ElevenLabs <> Claude Cookbooks

ElevenLabs provides AI-powered speech-to-text and text-to-speech APIs for creating natural-sounding voice applications with advanced features like voice cloning and streaming synthesis.

This cookbook demonstrates how to build a low-latency voice assistant by combining ElevenLabs' speech processing with Claude's intelligent responses, progressively optimizing for real-time performance.

What's Included

Low Latency Voice Assistant Notebook - An interactive tutorial that walks you through building a voice assistant step-by-step, demonstrating various optimization techniques to minimize latency through streaming.
WebSocket Streaming Script - A production-ready conversational voice assistant featuring continuous microphone input, gapless audio playback, and the lowest possible latency using WebSocket streaming.

How to Use This Cookbook

We recommend following this sequence to get the most out of this cookbook:

Step 1: Set Up Your Environment

Create a virtual environment:

# Navigate to the ElevenLabs directory
cd /path/to/claude-cookbooks/third_party/ElevenLabs

# Create virtual environment
python -m venv venv

# Activate it
source venv/bin/activate  # On macOS/Linux
# OR
venv\Scripts\activate     # On Windows

Get your API keys:
- ElevenLabs API key: elevenlabs.io/app/developers/api-keys
  
  When creating your API key, ensure it has the following minimum permissions:
  - Text to speech
  - Speech to text
  - Read access on voices
  - Read access on models
- Anthropic API key: console.anthropic.com/settings/keys

Configure your environment:

cp .env.example .env

Edit .env and add your API keys:

ELEVENLABS_API_KEY=your_elevenlabs_api_key_here
ANTHROPIC_API_KEY=sk-ant-api03-...

Install dependencies:

# With venv activated
pip install -r requirements.txt

Step 2: Work Through the Notebook

Start with the Low Latency Voice Assistant Notebook.

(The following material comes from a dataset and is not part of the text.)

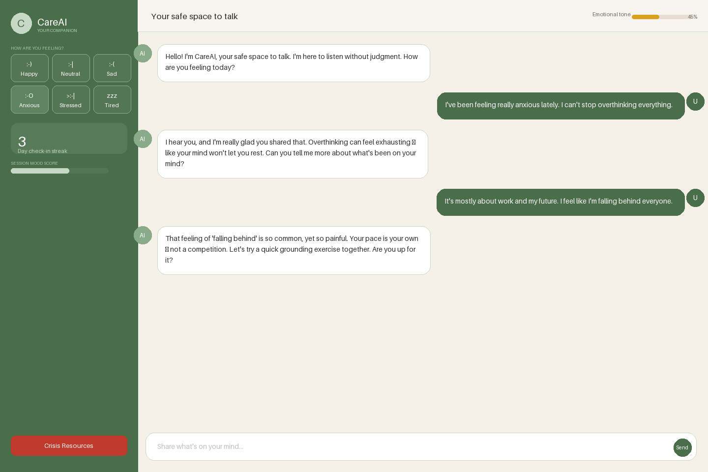 CareAI is an AI-powered mental health companion that provides real-time emotional support through empathetic conversation. Here's what it does:

This interactive guide will teach you:

How to use ElevenLabs for speech-to-text transcription
How to generate Claude responses and measure latency
How streaming reduces time-to-first-token
How to stream text-to-speech for faster audio playback
The tradeoffs between different streaming approaches
Why WebSocket streaming provides the best balance of latency and quality

The notebook includes performance metrics and comparisons at each step, helping you understand the impact of each optimization.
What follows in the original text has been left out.